Saturday, February 8, 2014

XII Olympic Winter Games, Innsbruck 1976



The Sportscaster Cards were, indeed, awesome but perhaps not as awesome as this website "dedicated to their preservation." There's nothing that I will add here that is potentially as entertaining as simply browsing that website, so I encourage you to not read another word of this post before exhausting the link.

OK, now that you're back, let me just say that I loved my Sportscaster Cards. I had maybe a couple hundred of them at the height of my collection, but I sold off most of them to the nice fellow (and Church of Christ Sunday-school teacher) at Rocking Chair Antiques in Paducah along about 1984 or '85, when I decided I needed money probably to rent a tuxedo for prom or to pick up a copy of Quadrophenia or Nebraska at Camelot Records. I have zero doubt that Rocking Chair gave me a more-than-fair price for my cards, and I still listen to Quadrophenia and Nebraska, and I'm thankful I went to the prom because at least I was a little less terrified and awkward around girls by the time I got to WKU.

Still, I miss my Sportscaster Cards. I played with them a lot when I was 8, 9 and 10--and especially when I was 11 during the XIII Olympic Winter Games in Lake Placid, N.Y., in 1980. I pushed ski jumpers off my bed; I scooted bobsledders around the shag carpet, and I even spun figure skaters on our cleared kitchen table. And when it came time for the Summer Games later that year, I went on and staged my own Cairo Road XXII Olympiad--in flaming defiance of President Carter's Moscow boycott.

So, all of that said, you might wonder why this post is labeled as being in commemoration of Innsbruck 1976 if my little Sportscaster Cards experience is more directly tied to Lake Placid 1980. Well, that's because the Sportscaster Cards depicting winter Olympians that I still own won most of their medals in XII, not XIII.

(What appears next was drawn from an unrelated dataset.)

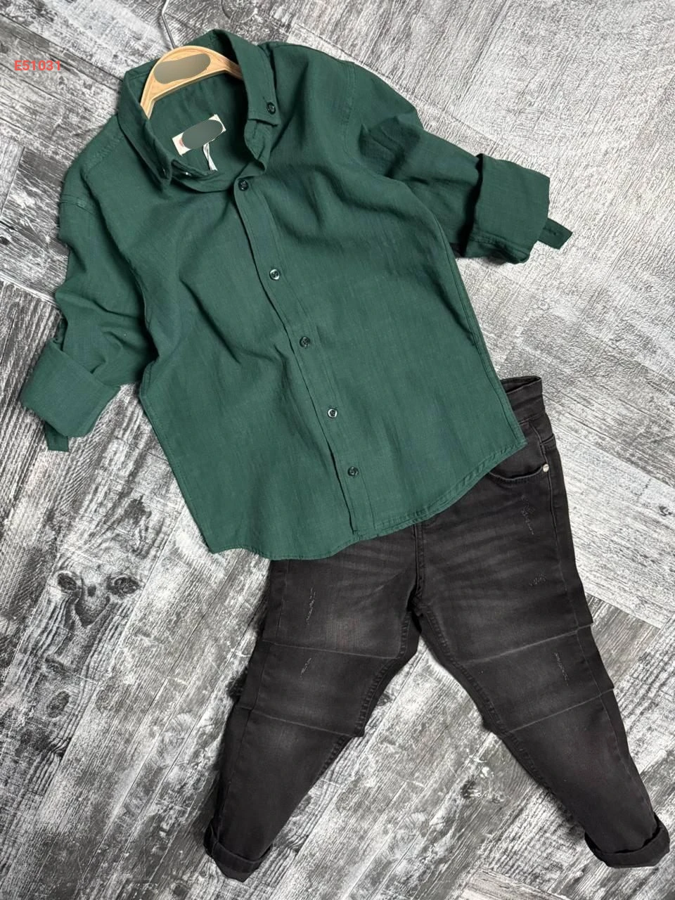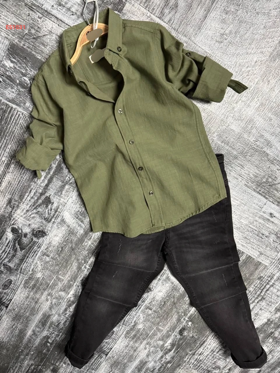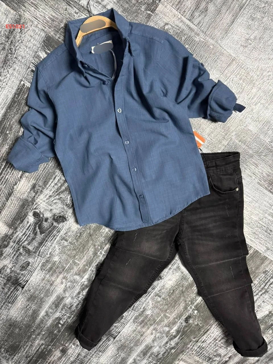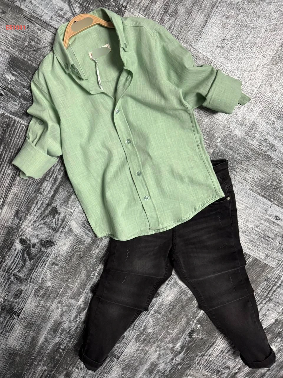 طقم قميص مع بنطال جينز صبياني

Says the back of his card: "Although he lost the 30 km cross-country title by 28 seconds to Sergei Saveliev of the USSR, 21-year-old William Koch was the star of one of the biggest success stories of the 1976 Innsbruck Olympics. The first American cross-country skier in the history of the Games ever to win a medal, Koch stunned the world of Nordic skiing, challenging the traditional domination of Scandinavian and Soviet athletes."




"(S)he collected three medals: a gold in the 500 m; a silver in the 1,500; and a bronze in the 1,000 m. Although her triple triumph at Innsbruck brought her a great deal of publicity, to Sheila it was something of an anticlimax. Her proudest moment had come a month earlier, on Jan. 31, 1976, at Davos. There she became the first woman to break the 41-second barrier, turning in a world-record time of 40.91 seconds in the 500 m. 'I much prefer my world record to the Olympic gold medal,' she said. 'For me it represents the crowning achievement of 16 years of work.'"

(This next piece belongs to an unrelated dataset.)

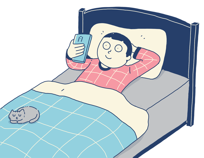 This is a drawing of staring at a smartphone in the bed.

Austrian "Anton Innauer's uncanny ability, ease, and control catapulted him to the peak of the ski jumping world. These qualities also made him the super-favorite at the 1976 Olympics at Innsbruck. But the 17 1/2-year-old high-school boy muffed his Olympic chances. The pre-Games publicity and pressure took their toll, and Innauer had to settle for a silver medal in the 90 m jump."

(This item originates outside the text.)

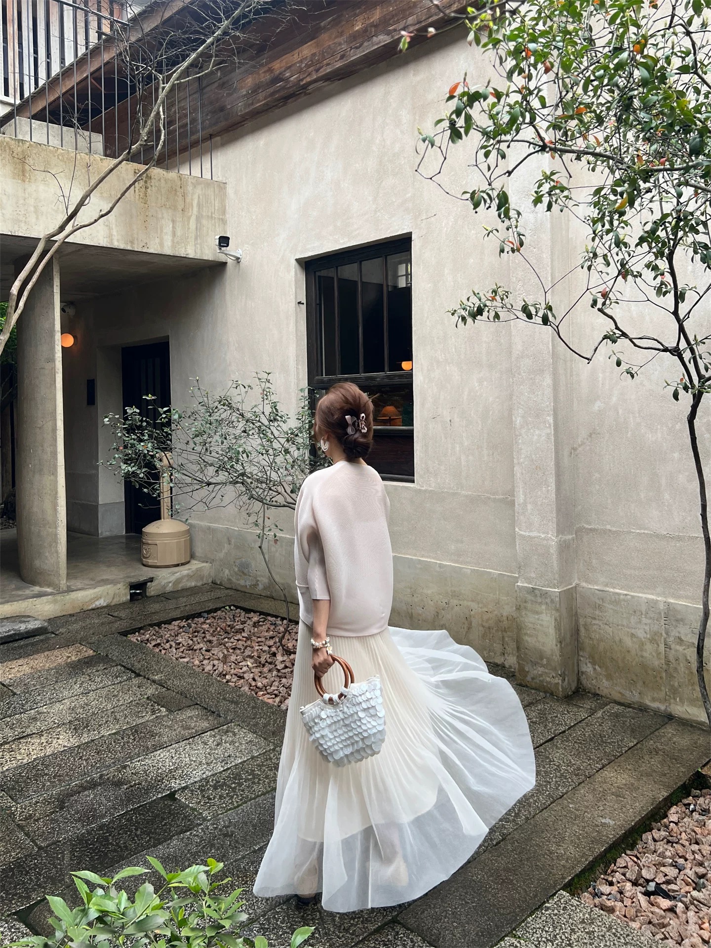 momo 대 자매 고급 센스 유럽 오간자 플리츠 스커트 여성 2026 봄 새로운 루즈핏 슬림해 보이는 반신 스커트 롱 스커트

"Meinhard Nehmer, who at the age of 35 won two gold medals in bobsledding at the 1976 Olympics, is symbolic of the great potential of the East German athletes. Although he's a weatherman and a member of the East German Army, he's always devoted himself to sports."




"In 1976, Rosi Mittermaier of West Germany came very close to matching the Olympic triple-gold skiing exploits of Austria's Tony Sailer in 1956 and France's Jean-Cleaude Killy in 1968. At Innsbruck, Mittermaier finished first in the slalom (her specialty) and first in the downhill (her least favorite event). But Canada's Kathy Kreiner prevented Rosi from making a clean sweep of the women's races, edging her out in the giant slalom by just .12 seconds."




"Some 10,000 Austrian fans in the Tyrol spent what was possibly the longest 12 minutes of their lives one icy cold day in February, 1976. They were lined up along the Patscherkofel waiting for their teenage hero, Franz Klammer, who was competing in the Olympic downhill in 15th position. Just minutes before, the partisan crowd had watched 28-year-old Bernhard Russi of Switzerland, wearing No. 3, turn in an excellent time of 1:46.06. Now Klammer was making his descent, and at the halfway point he was clocked at .19 seconds behind Russi. But Klammer pulled out all the stops and managed to beat Russi by .33 seconds. And so it was that six years after becoming the world champion at Val Gardena, Russi bowed to the much younger--and slightly faster--Klammer."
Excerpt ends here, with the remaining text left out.